# Objektivtipp lange Brennweite



## bilderzaehler (2. März 2016)

Hallo,

vielleicht für den einen oder anderen Fotografen interessant ... es gibt lange Brennweiten, die nicht mehr einen Kleinwagen kosten und mit dem Anhänger transportiert werden müssen

Habe mir das Sigma 150-600/5-6,3 Contemporary DG OS HSM geholt. 

Ist zwar nicht das lichtstärkste, dafür ist es mit 2 kg gut handelbar. Bei dem Mistwetter bin ich noch nicht wirklich zum Testen gekommen, konnte aber schon einige Aufnahmen zu Hause machen. 

Das Foto mit der Taube ist ein Originalausschnitt, Brennweite 516 mm, Entfernung ca. 3 m.
Der Erlenzeisig ist ebenfalls original, Brennweite 600 mm, Entfernung auch ca. 3 m

Beide Fotos durchs Wohnzimmerfenster mit Doppelscheibe.
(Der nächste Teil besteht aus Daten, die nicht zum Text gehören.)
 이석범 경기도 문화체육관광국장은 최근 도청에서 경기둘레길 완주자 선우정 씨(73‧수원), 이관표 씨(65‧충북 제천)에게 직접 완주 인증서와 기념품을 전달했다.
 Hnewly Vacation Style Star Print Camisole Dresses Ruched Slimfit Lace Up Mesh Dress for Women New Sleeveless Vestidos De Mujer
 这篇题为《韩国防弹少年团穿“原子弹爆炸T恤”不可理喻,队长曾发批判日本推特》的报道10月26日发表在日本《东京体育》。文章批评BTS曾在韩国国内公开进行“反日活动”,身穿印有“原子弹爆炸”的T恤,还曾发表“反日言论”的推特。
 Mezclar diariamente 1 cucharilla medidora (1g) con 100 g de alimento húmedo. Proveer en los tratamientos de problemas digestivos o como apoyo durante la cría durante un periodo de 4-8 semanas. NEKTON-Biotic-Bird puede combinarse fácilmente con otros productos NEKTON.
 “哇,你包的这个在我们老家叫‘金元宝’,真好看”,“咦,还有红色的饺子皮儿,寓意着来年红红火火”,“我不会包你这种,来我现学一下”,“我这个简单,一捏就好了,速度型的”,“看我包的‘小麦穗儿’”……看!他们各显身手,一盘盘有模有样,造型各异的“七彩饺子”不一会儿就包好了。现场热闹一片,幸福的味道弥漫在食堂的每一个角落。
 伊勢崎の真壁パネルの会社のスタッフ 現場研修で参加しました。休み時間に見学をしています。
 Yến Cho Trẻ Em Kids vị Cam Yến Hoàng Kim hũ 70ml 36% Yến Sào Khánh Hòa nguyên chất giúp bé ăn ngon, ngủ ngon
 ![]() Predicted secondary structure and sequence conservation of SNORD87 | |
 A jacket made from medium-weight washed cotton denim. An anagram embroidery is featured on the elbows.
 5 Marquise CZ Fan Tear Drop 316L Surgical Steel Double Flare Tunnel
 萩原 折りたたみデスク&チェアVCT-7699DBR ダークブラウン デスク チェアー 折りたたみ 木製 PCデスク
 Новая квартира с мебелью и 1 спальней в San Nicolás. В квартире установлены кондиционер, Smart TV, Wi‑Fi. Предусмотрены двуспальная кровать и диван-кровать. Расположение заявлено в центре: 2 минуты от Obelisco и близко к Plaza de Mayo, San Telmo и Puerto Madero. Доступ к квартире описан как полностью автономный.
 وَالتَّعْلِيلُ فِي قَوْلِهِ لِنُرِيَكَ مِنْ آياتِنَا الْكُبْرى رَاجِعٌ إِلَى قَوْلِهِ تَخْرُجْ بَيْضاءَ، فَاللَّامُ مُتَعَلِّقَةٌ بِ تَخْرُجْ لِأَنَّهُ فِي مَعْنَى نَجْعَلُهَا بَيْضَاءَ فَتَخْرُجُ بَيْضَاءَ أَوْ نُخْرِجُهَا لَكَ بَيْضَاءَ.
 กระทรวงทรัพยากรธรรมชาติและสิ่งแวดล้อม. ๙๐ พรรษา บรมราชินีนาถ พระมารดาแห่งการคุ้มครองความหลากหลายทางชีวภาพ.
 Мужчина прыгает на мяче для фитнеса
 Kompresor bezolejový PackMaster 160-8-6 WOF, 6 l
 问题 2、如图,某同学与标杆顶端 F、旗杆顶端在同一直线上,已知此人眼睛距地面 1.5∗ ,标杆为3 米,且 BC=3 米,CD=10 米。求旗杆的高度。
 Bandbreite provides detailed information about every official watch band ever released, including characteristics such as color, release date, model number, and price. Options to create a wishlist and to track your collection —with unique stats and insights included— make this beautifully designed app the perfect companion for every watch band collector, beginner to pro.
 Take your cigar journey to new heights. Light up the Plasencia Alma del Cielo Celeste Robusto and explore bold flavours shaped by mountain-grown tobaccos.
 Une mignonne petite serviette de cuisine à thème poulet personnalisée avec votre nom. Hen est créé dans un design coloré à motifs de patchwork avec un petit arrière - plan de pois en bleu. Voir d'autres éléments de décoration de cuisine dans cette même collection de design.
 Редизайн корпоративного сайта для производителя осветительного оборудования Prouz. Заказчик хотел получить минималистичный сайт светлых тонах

Erwähnen will ich noch, dass das Objektiv durch ein separat erhältliches USB-Dock (€ 40,-) selbst programmiert werden kann (AF-Priorität treffsicher oder schnell, AF-Punkt, ...)

Viele Grüße ... Thomas


----------



## mitch (2. März 2016)

äh  die Schärfe, wow

Thomas - einfach nur klasse


----------



## bilderzaehler (2. März 2016)

Danke schönst 

Hab hier noch ein Bild ... Entfernung *41,5 m*, Brennweite 541 mm  1 x wie aus der Kamera und 1 x mit dem Pfuifilter (Floodfilter zum Erzeugen von Spiegelungen)


----------